Lifestyle

Taking all comers

Craig Davidson tackles illegal brawls, steroid abuse--and modern-day masculinity.

“I want to hit a nerve so hard, it makes people want to beat the shit out of me.”

That's writer Craig Davidson, explaining his writing philosophy over the phone from Iowa City, Iowa. Clearly, the Toronto native is getting somewhere with his reverse-psychology tactics: literary provocateurs Chuck Palahniuk and Bret Easton Ellis both blurbed his debut short story collection, 2005's Rust and Bone. (The collection tackles everything from sex addiction to involuntary amputation.)

Out this fall, Davidson's novel, The Fighter, will both delight and disturb. In adrenalin-drenched prose, it relates the intertwined stories of two young boxers who end up fighting illegal bare-handed bouts in a barn near Niagara Falls, Ont. To prepare, Davidson trained as a boxer for two months. His research soon took a dark turn.

“During my second revision period,” he recalls, “I decided to have the main character [go] on steroids.” He discovered a website that sold steroid kits. “I was going through such hell with this book. So I ordered a kit.”

He began injecting himself with three or four needles per week. “They worked,” he says. “I went up to about 240 pounds, and I was bench-pressing my own weight. But my balls shrunk to almost negligible size, and my prostate swelled up so I was pissing 15 times a day. I'm off them now, and I'll never go back on…I was thinking it was a Hunter S. Thompson participatory journalism sort of thing, but I broke my parents' hearts when they found out.”

Davidson's pain is his book's gain: the chapter where one of the two boxers embarks on a steroid-fuelled rampage in Welland is uncomfortably, unforgettably hilarious. Davidson says his publisher questioned how far he had gone with this passage, but he remained resolute.
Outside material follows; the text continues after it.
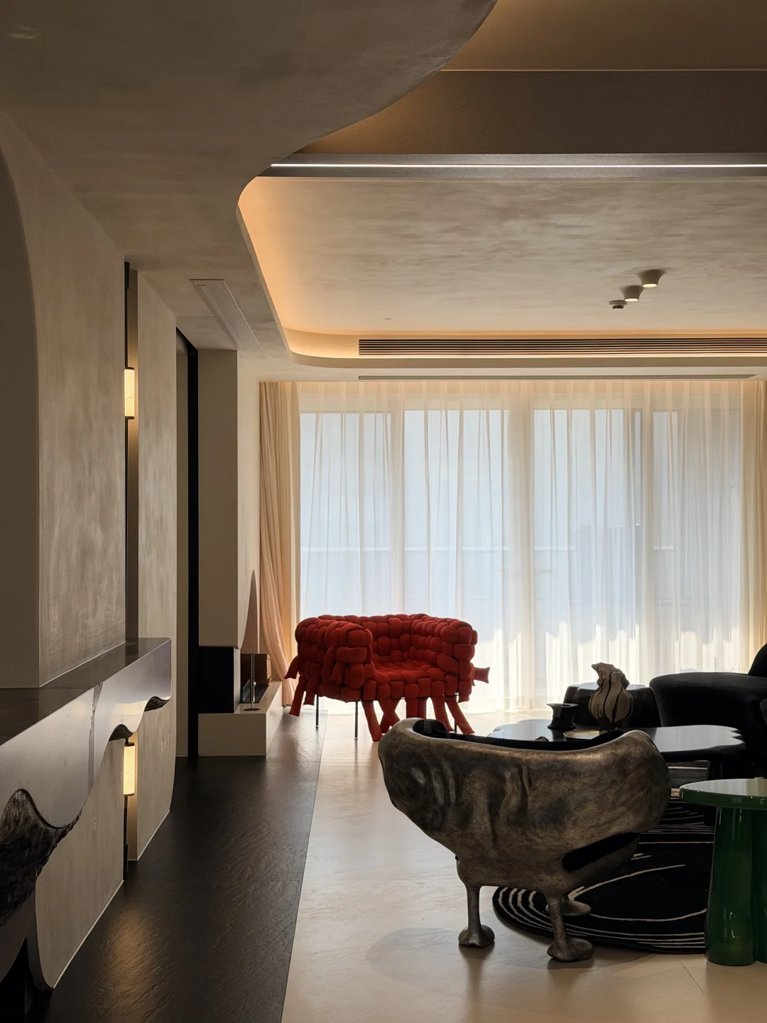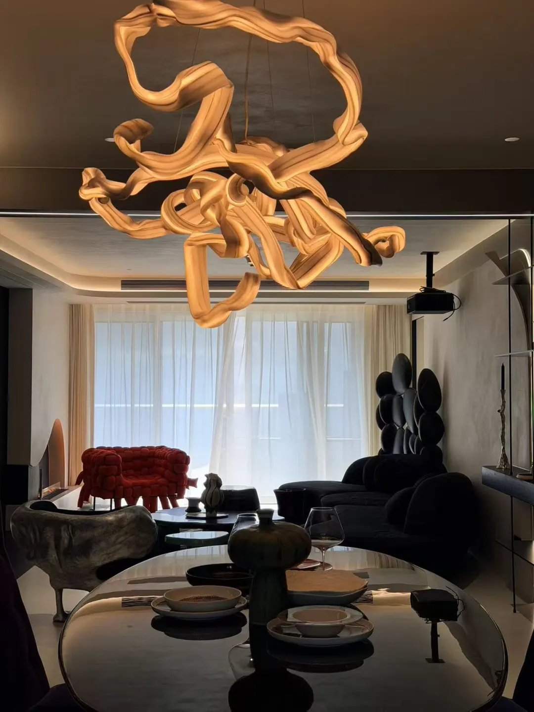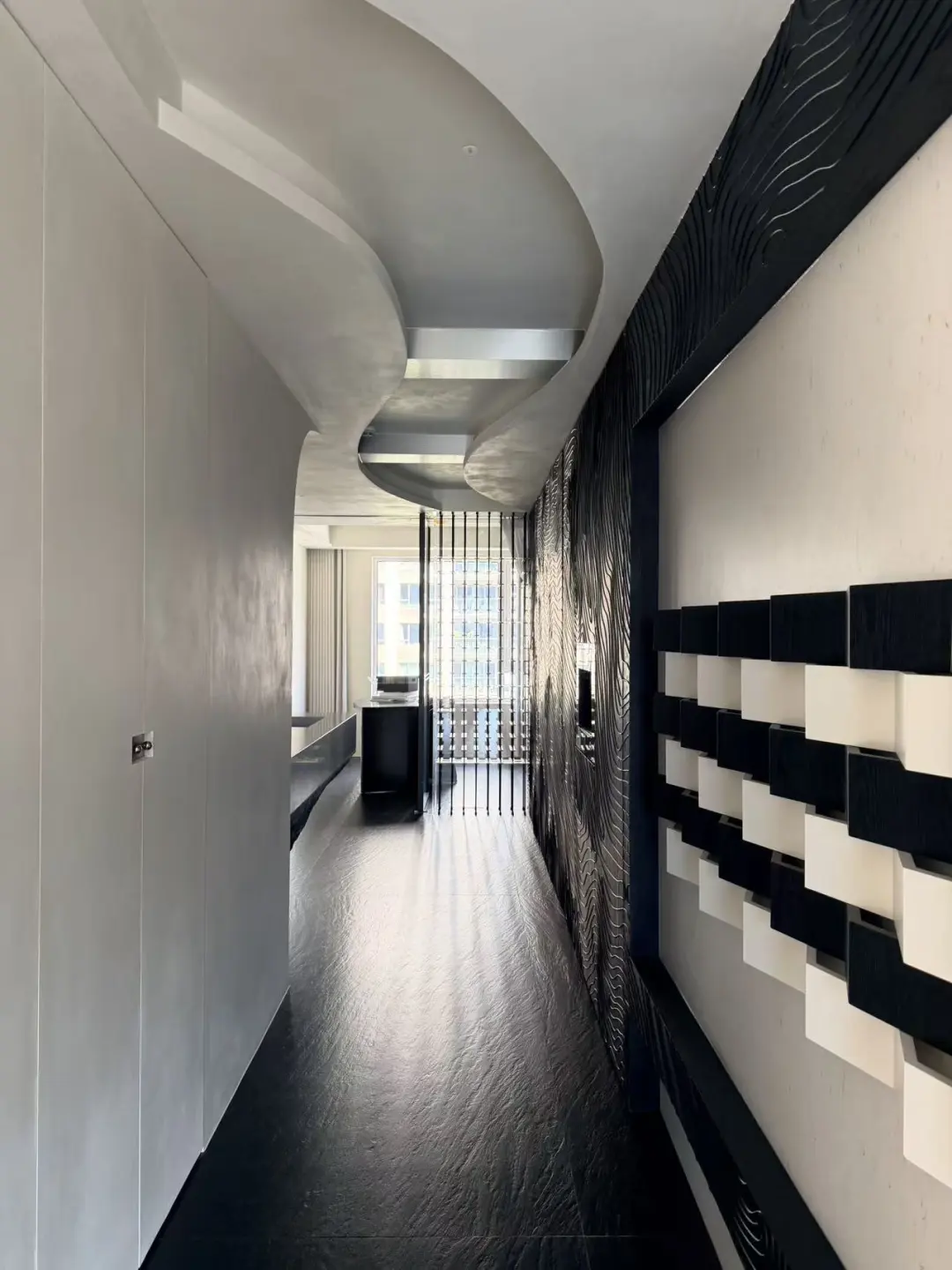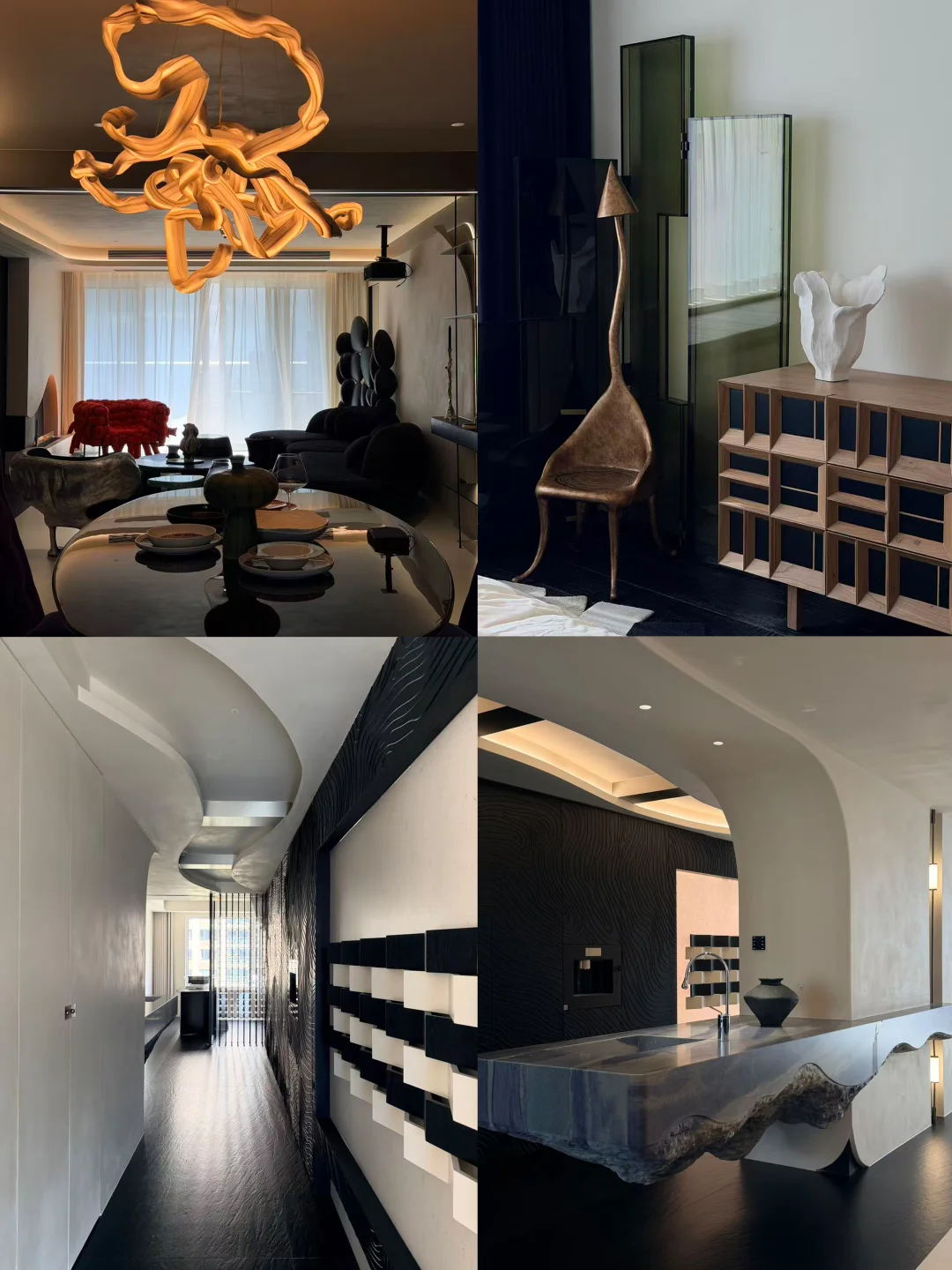 谁能拒绝把家变成每天都逛的艺术展啊! 原本是观云钱塘城的精装大平层,被我们彻底改造成了偏艺术风的居住空间。 黑调基底 + 艺术装置 + 不规则线条,每一处都在打破常规的沉闷感。 客餐厅的流动感吊灯,像凝固的金色云朵,是整个空间的视觉重心。 走廊的弧形天花和黑白艺术装置,走进去就像在逛美术馆。 儿童房的彩色插画和俏皮墙面线条,让童趣和艺术感完美融合。 连浴室的整面原石台面,都自带肌理艺术的松弛感。 生活不该只是柴米油盐,更要有随时能沉浸其中的艺术氛围 在江景里醒来,在艺术里生活,这大概就是理想中的家了吧!

Better to go too far than not far enough. Canada's literary landscape is strewn with the remaindered corpses of books that lack the courage of any conviction. Davidson writes with emotion, but no sentimentality, about a generation of pampered young males who put themselves through physical and psychological trials in order to find themselves as men. “We're not offered a lot of real, genuine ways of [growing up] in today's society…. People think I write tough-guy fiction, but I'm actually writing about very confused people who don't know where they fit in society, and go down very destructive roads.”

Davidson is looking forward to his next personal trial of masculinity: boxing poet Michael Knox in a four-round bout, in Toronto, to promote his book. No matter the outcome, he is determined to be a man about it.”If I do get knocked out,” he reflects, “I'll just drag my ass up off the canvas, shake his hand, say, 'Bloody good punch,' and go out and get drunk with whoever happens to be there.”